Dance On Ensemble’s invitation to Lucinda Childs to restage works from the 1960s and 1970s, along with a new commission, prompted reflection on history, aging, and their nuanced portrayals. The works were presented at Radialsystem from 24–27 July.
For ten years, the Berlin-based Dance On Ensemble has challenged ageism in contemporary dance by showcasing the experience, physical intelligence, and charismatic presence of mature dancers through ambitious collaborations. Their performances demonstrate that virtuosity deepens over time, and that the dancing body and choreography hold histories. Through restagings of two of Lucinda Childs’ early works and the premiere of a new commission, STEIN, this evening revealed how dance gathers and leaves marks across bodies, time, and choreographic form.

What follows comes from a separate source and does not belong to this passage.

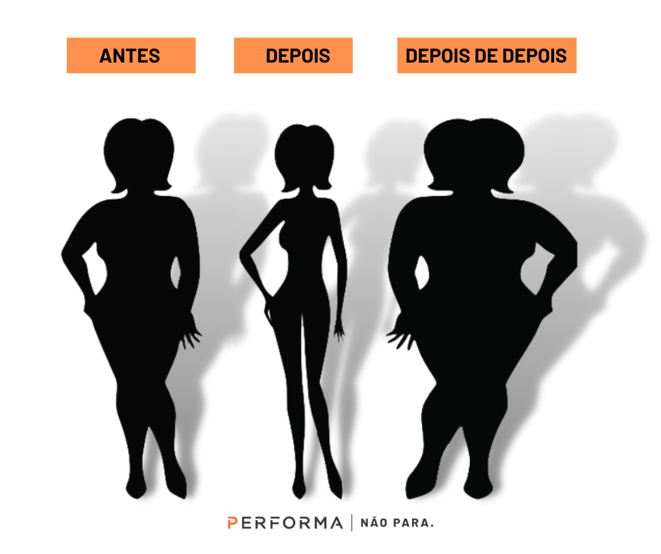 Com o metabolismo mais lento, e calorias voltando a ser ingeridas em excesso, rapidamente mais gordura é convertida e armazenada no corpo.

The program began with Untitled Trio (1968) and Radial Courses (1976), presented without pause between them, blending two historical studies in geometry and mathematical temporal structure. In the first, three dancers in white and beige trousers, shirts, and sneakers performed simple, architectural repetitions in unified rhythms, shifting directions to form constantly transforming spatial patterns across the bare stage. Their shift into Radial Courses developed this relational puzzle: a fourth dancer joined, and the sound of footfalls gained compositional presence. The dancers set a quick, even tempo, tracing a large circle across the floor. This base rhythm was ornamented with syncopating hops, leaps, and turns; the quartet elaborated their rotations with rhythmic and spatial variation. The sound of feet became both material and method—revealing how minimalist forms can hold time and accumulate the expertise of performers across decades. These works, staged by Ty Boomershine, show Childs’ vital role in shaping a minimalist choreographic language where repetition becomes transformation—a language that continues to resonate across generations.

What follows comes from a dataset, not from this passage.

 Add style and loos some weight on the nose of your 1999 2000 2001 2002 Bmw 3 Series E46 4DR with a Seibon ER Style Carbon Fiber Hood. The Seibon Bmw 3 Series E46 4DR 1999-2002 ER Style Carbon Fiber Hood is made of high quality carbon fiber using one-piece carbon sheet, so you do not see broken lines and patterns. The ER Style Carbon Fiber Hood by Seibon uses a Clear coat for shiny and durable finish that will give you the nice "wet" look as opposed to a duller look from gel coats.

Each member of Dance On is over forty (the age at which many dancers traditionally retire). That these works were interpreted by this ensemble made them more resonant: within the stripped-back minimalism, free from theatrical embellishment, the dancers’ individual, virtuosic presences, honed over decades, shone brightly. Their performances celebrated the maturity of both their wise bodies and the works themselves, now 49 and 57 years old.

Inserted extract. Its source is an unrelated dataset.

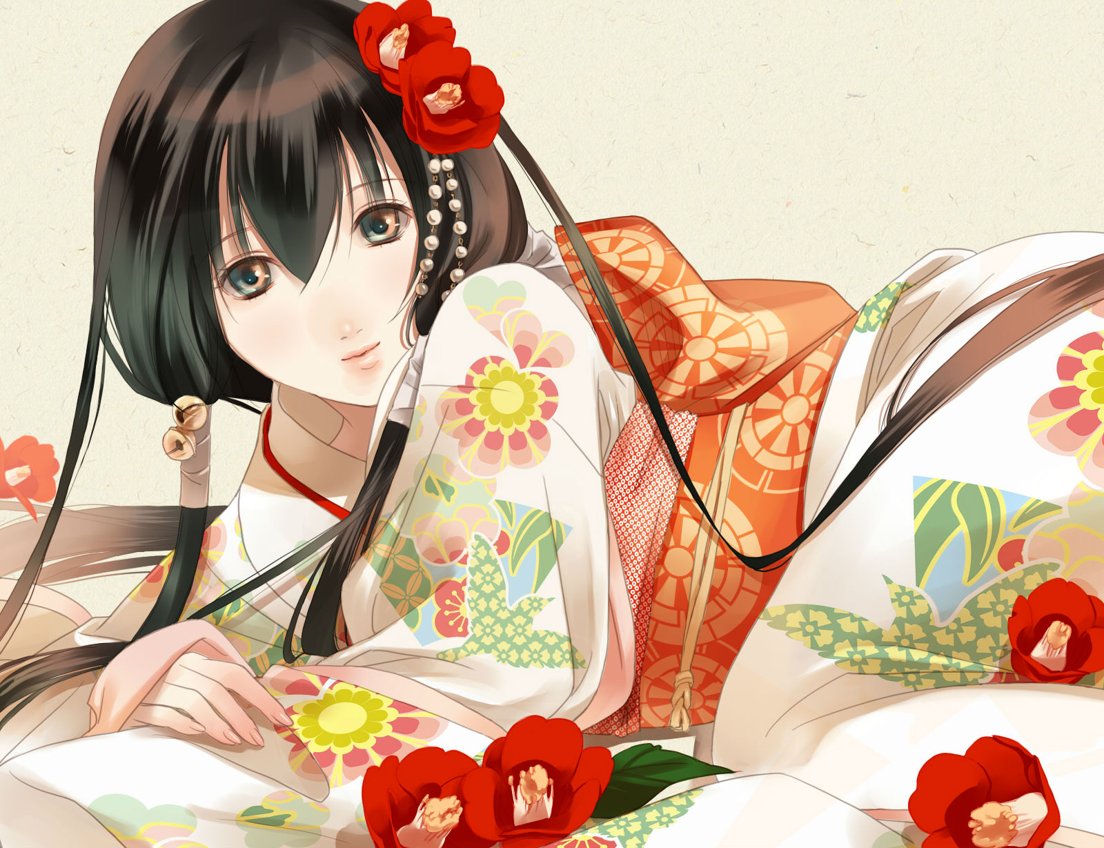 Description: A woman in a kimono laying on a bed with flowers in her hair and a flower in her hair.

The evening closed with STEIN, a new duet danced by Childs and Miki Orihara. Separated by a translucent screen, Childs stood upstage, diffused by Hans Peter Kuhn’s projected imagery—bodies of water slowly fading into one another—while Orihara moved in front of this milky blue light. In contrast to the rhythmic rigour of the earlier works, movement here emerged like spoken language: organic, human, unmechanic. A recording of Childs’ voice, elegant and concise, spoke Gertrude Stein’s Photograph, whose language likewise turns repetition into insistence and change. A white chair slowly sailing across the stage recalled Childs’ collaborations with Robert Wilson, where gesture and object choreographed time itself. In STEIN, this motif returned as part of a larger structure, where repetition, voice, and doubling traced a long arc of legacy: a dance of histories marked, and marking.
STEIN by Lucinda Childs, alongside two early works, was presented at Radialsystem from 24–27 July.